So, given that this is technically the second blog entry for this project, we should probably start with a belated welcome to all that have found their way here. And what is “here” exactly, you ask?
Well we are calling this project Made Collaborative. And if you read the first couple of blog entries, you probably already know that the project’s primary mission is to collaborate with participating urban youth to develop collaborative comic stories based on their own interests and ideas. And by doing so, we hope to foster creative thought and provide a truly positive collaborative experience to participating youth and artists alike.
That’s the project in a nutshell anyway. However, this project didn’t actually start off as a comic-based project. In fact, prior to starting this project, I don’t think I actually read a comic story from beginning to end in my entire life.
Indeed, a lot has happened between the time I walked off that bus in the winter of 2012 and today. The path hasn’t been a linear one by any stretch of the imagination. And we may eventually cover that zigzag path in this blog series to the extent anyone is interested. But for now, it’s probably sufficient to just give a very quick overview of where we are at today and perhaps even more importantly, where we hope to take this project going forward.
Since that first meeting with the youth when we first decided to make this a comic-based project (which came after a long series of collaborative efforts that prior summer, which we again can get into some other time), we had a series of collaborations to further develop those initial youth ideas. I also recruited other artists to help flush out those ideas, create illustrated characters, draft a series of plot scripts and ultimately put together a full five issue manuscript based on these initial collaborations (much credit goes to Len Kody in that regard).
It was that manuscript that culminated in the creation of our first comic series called “Back of the Yards,” our first of what we hope to be many comic story lines developed in collaboration of participating youth. Our hope is that these unique collaborative opportunities will help to empower youth to tell their own stories, and in so doing, foster their own creative thoughts. The comic is just the platform that we believe will best facilitate that collaborative process.
Along this winding journey, as we continued to focus on ways to empower participating urban youth, we came up with the idea of creating a corresponding scholarship fund. So, just like everything else on this project, we started from scratch, researched how to create such a fund, partnered with an independent third party scholarship program to help with the creation of that fund and related administration (Scholarship America) and formally started the Made Collaborative Scholarship Fund, which will provide talented urban youth with opportunities to attend fully funded pre-collegiate educational programs of all types, helping to fulfill what has become the very core of our project’s mission of urban youth empowerment. With a fixed portion of all net proceeds from sales of the Back of the Yards comic series helping to fund this scholarship program.
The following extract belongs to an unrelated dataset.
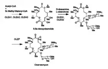- 1 2 Rawlings BJ (June 2001). "Type I polyketide biosynthesis in bacteria (part B)". Natural Product Reports. 18 (3): 231–81. doi:10.1039/b100191o. PMID 11476481.

And as a further way of putting our money where our mouth is, we even contributed $10,000 to that fund which was then used to award two scholarships (selected independently by a non-profit organization in Chicago) to the Columbia College Summer program in 2019, which we’ll cover a bit more in the next blog entry.
Although it has certainly been a long and winding path, we are proud to be working on this project and look forward to the continued evolution in that regard. But to be clear, we are most certainly learning as we go along here. As will be emphasized throughout, this is very much a grass roots project, almost entirely self-funded to date in that regard.
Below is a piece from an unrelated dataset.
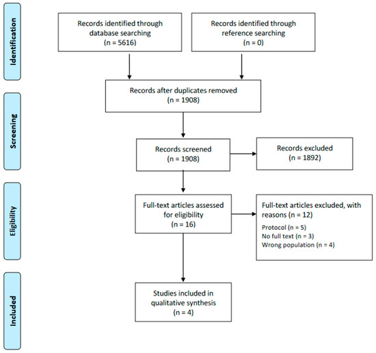 The initial search yielded 5616 records, of which 3708 were removed as duplicates. Of the total 1908 articles, after the title and abstract and the full-text review, four met our inclusion criteria (Figure 1). A comprehensive list of the excluded studies with their corresponding justification can be found in Supplementary Materials (Table S3).

We are just a small group of artists and non-artists trying to do something positive in light of the challenges our urban communities encounter these days, both internally and externally. But even as we ourselves are learning along the way, we hope that you enjoy what you see here and look forward to earning your support as we continue to embark on this creative journey together.
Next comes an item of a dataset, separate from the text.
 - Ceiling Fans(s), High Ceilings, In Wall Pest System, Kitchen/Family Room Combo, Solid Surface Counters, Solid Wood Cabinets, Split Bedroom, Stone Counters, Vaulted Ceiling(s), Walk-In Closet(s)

On that score, I think I will close this blog entry with a quote I ran into while researching various elements for this social enterprise project years ago. It’s from a book called “The Creative Process Illustrated” written by W. Glenn Griffin and Deborah Morrison. This particular quote comes from an advertising guru named Simon Mainwaring as he described his own creative process, but I believe it really captures the spirit of what we’re trying to do here and what we hope you will find this project continues to develop along the way …
“No matter how we approach creative work, it should be fun. The arts are an enormous playroom where we get to behave like children, never looking for answers where we are told to, but instead heading off in unknown directions. The joy comes in the surprise of finding what we didn’t know was there. There is great power in approaching life this way, leaving us free to discover the answers only creativity can find, and, in so doing, revealing our shared humanity.”